Dataset:
☆ ☆ ☆ ☆ ☆

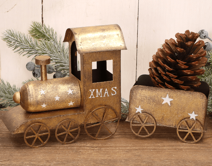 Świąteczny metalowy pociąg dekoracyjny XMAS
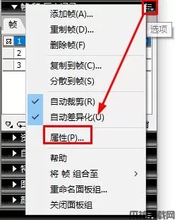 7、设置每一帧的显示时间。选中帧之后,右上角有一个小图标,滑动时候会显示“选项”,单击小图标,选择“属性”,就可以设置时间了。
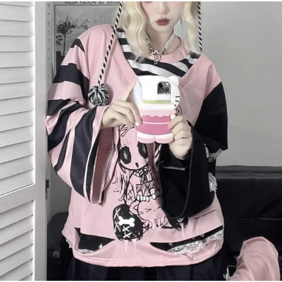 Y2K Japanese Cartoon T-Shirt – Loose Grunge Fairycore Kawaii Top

☆ ☆ ☆ ☆ ☆

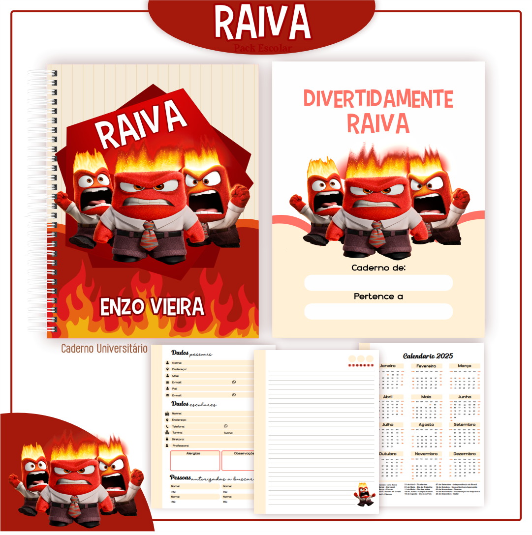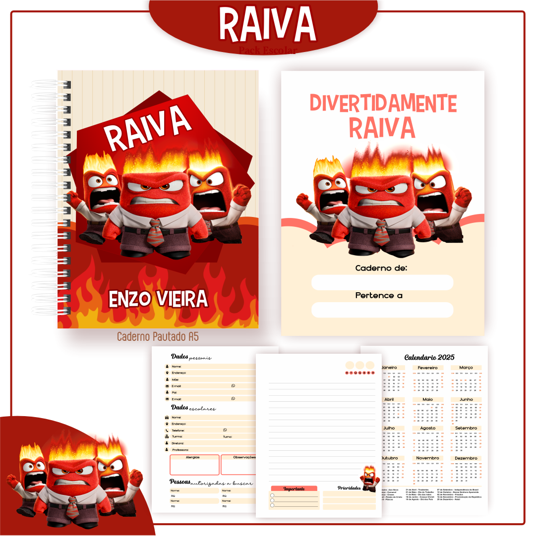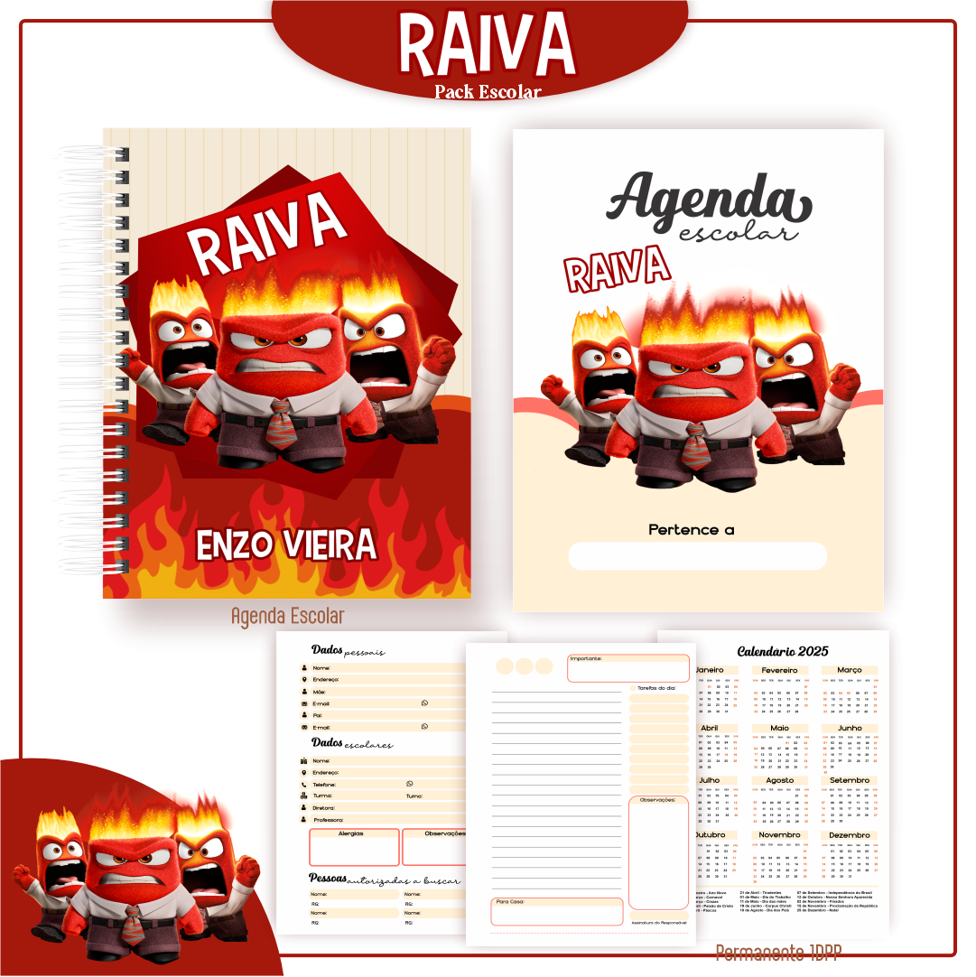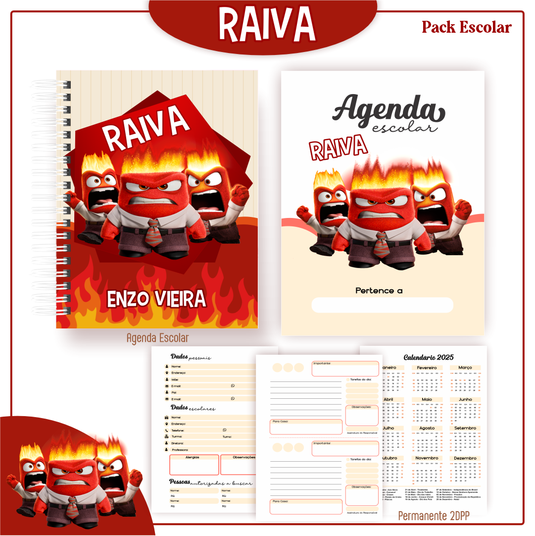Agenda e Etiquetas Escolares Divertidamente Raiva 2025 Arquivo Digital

☆ ☆ ☆ ☆ ☆

Brief: Everything between and including the line above containing "Świąteczny metalowy pociąg dekoracyjny XMAS" and the line containing "Y2K Japanese Cartoon" should be reproduced exactly, with pictures excluded.

Solution for this problem:
 Świąteczny metalowy pociąg dekoracyjny XMAS
 7、设置每一帧的显示时间。选中帧之后,右上角有一个小图标,滑动时候会显示“选项”,单击小图标,选择“属性”,就可以设置时间了。
 Y2K Japanese Cartoon T-Shirt – Loose Grunge Fairycore Kawaii Top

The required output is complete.